1. L’art. 6 L. 9 agosto 2023, n. 111 (da qui in avanti, delega fiscale), nell’ambito dei princìpi e dei criteri direttivi cui dovrà attenersi la revisione del sistema di imposizione sui redditi delle società e degli enti (IRES), prevede, alla lett. e), il «riordino del regime di compensazione delle perdite fiscali e di circolazione di quelle delle società partecipanti a operazioni straordinarie o al consolidato fiscale». In particolare, in questa sede avremo particolare riguardo ai principi stabiliti al n. 3) della medesima lett. e), al fine di prospettare alcune possibili revisioni della disciplina recata dall’art. 84, comma 3, TUIR in materia di esclusione del riporto delle perdite e relative circostanze esimenti.
Il richiamato n. 3) prevede, quale criterio direttivo, la «modifica della disciplina del riporto delle perdite nell’ambito delle operazioni di riorganizzazione aziendale, non penalizzando quelle conseguite a partire dall’ingresso dell’impresa nel gruppo societario…….».
2. Si tratta di una indicazione di indubbia rilevanza per il legislatore delegato secondo la quale occorre evitare penalizzazioni per le perdite fiscali realizzate prima di effettuare l’operazione di riorganizzazione societaria ma, comunque, in un periodo d’imposta in cui la società che ha in dote tali perdite faceva già parte dello stesso gruppo cui appartiene l’altra società partecipante a tale operazione di riorganizzazione.
In effetti, la normativa vigente di cui agli artt. 172, comma 7 e 173, comma 10, TUIR non opera alcuna distinzione tra:
fusioni o scissioni cui partecipano società che non appartengono al medesimo gruppo o che, pur appartenendo al medesimo gruppo, sono “dotate” di perdite fiscali realizzate in periodi di imposta antecedenti a quello in cui sono entrate a far parte del medesimo gruppo;
fusioni o scissioni cui partecipano società che appartengono al medesimo gruppo e che sono “dotate” di perdite fiscali realizzate in periodi d’imposta successivi a quello di ingresso nel gruppo.
E’ stato osservato (Scarioni P. – Martino A.F., Perdite transfrontaliere: il corto circuito tra i principi comunitari e i vincoli di diritto interno, in Corr. trib., 2023, 2, 155) che tale mancata distinzione è da ricondursi alla circostanza che, al momento della prima introduzione di limiti al riporto delle perdite nel caso di fusione (art. 1 D.L. 18 giugno 1986, n. 277), una società poteva dedurre dal proprio reddito imponibile le svalutazioni delle partecipazioni da essa detenute e, quindi, ammettere che essa potesse, a seguito dell’incorporazione delle società partecipate, utilizzare le loro perdite, avrebbe comportato una duplicazione del beneficio.
Si tratta di una motivazione venuta meno a seguito dell’inserimento della disposizione ai sensi della quale «se le azioni o quote della società la cui perdita è riportabile erano possedute dalla società incorporante o da altra società partecipante alla fusione, la perdita non è comunque ammessa in diminuzione fino a concorrenza dell’ammontare complessivo della svalutazione di tali azioni o quote effettuata ai fini della determinazione del reddito dalla società partecipante o dall’impresa che le ha ad essa cedute dopo l’esercizio al quale si riferisce la perdita e prima dell’atto di fusione» (art. 172, comma 7, terzo periodo, TUIR).
In forza di tale disposizione, nei casi di rilevanza fiscale delle svalutazioni di partecipazioni, la citata duplicazione del beneficio di deduzione delle perdite non può comunque più verificarsi.
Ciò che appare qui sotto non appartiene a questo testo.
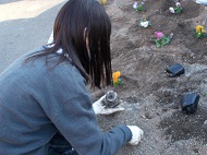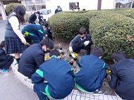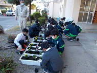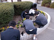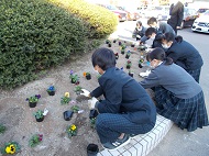 1,2年生の福祉委員会の生徒が花植ボランティアとして、パンジーを植える作業を手伝ってくれました。

Si tratta, peraltro, di fattispecie oramai del tutto residuale in quanto nell’attuale contesto normativo, fatta eccezione per la possibilità degli intermediari finanziari di dedurre svalutazioni riferite alle partecipazioni acquisite nell’ambito di interventi finalizzati al recupero di crediti o a quelle derivanti dalla conversione in azioni di nuova emissione dei crediti verso imprese in temporanea difficoltà finanziaria (cfr. art. 113 TUIR), le svalutazioni di partecipazioni effettuate da soggetti OIC adopter non sono mai deducibili (artt. 94, comma 4, e 101, comma 2, TUIR) e quelle effettuate dai soggetti IAS adopter sono deducibili solo se relative a partecipazioni che non si considerano immobilizzazioni finanziarie (artt. 94, comma 4-bis, e 110, comma 1-bis, lett. b, TUIR).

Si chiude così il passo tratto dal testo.